▸ **WHAT TO PRODUCE**: Reproduce, from the lines below, exactly the stretch that begins at the line containing "注:抱閘端口必須通過外接繼電器去控制抱閘器工作。" and ends at the line containing "Паренек решил приготовить", both included.

▸ **PROVIDED ENTRIES**:

__________

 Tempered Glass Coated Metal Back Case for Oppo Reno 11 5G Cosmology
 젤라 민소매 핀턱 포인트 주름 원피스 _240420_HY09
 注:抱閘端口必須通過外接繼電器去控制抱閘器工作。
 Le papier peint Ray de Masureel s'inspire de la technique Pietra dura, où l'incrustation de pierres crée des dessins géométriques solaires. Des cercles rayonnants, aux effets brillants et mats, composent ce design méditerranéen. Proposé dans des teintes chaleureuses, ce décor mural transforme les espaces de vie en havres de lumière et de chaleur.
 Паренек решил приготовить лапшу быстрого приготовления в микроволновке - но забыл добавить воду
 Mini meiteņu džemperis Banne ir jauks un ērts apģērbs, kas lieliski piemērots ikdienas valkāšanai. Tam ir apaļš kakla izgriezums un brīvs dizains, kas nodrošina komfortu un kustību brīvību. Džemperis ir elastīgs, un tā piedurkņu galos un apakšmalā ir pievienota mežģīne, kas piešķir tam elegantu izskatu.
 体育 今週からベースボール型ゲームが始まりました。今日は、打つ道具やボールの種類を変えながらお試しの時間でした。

__________

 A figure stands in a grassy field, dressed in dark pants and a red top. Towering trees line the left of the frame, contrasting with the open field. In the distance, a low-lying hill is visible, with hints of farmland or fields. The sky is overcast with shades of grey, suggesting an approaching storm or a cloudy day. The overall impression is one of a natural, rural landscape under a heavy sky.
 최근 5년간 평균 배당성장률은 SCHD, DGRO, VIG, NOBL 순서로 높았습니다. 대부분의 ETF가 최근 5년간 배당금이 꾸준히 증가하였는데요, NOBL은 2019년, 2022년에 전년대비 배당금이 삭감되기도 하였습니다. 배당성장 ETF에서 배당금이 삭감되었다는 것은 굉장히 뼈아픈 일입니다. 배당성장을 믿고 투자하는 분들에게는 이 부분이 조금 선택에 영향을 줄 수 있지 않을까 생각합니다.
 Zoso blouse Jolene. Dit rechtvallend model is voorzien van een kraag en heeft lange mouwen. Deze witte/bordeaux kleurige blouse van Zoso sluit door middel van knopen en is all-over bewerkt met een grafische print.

__________

▸ **REPLY**:
 注:抱閘端口必須通過外接繼電器去控制抱閘器工作。
 Le papier peint Ray de Masureel s'inspire de la technique Pietra dura, où l'incrustation de pierres crée des dessins géométriques solaires. Des cercles rayonnants, aux effets brillants et mats, composent ce design méditerranéen. Proposé dans des teintes chaleureuses, ce décor mural transforme les espaces de vie en havres de lumière et de chaleur.
 Паренек решил приготовить лапшу быстрого приготовления в микроволновке - но забыл добавить воду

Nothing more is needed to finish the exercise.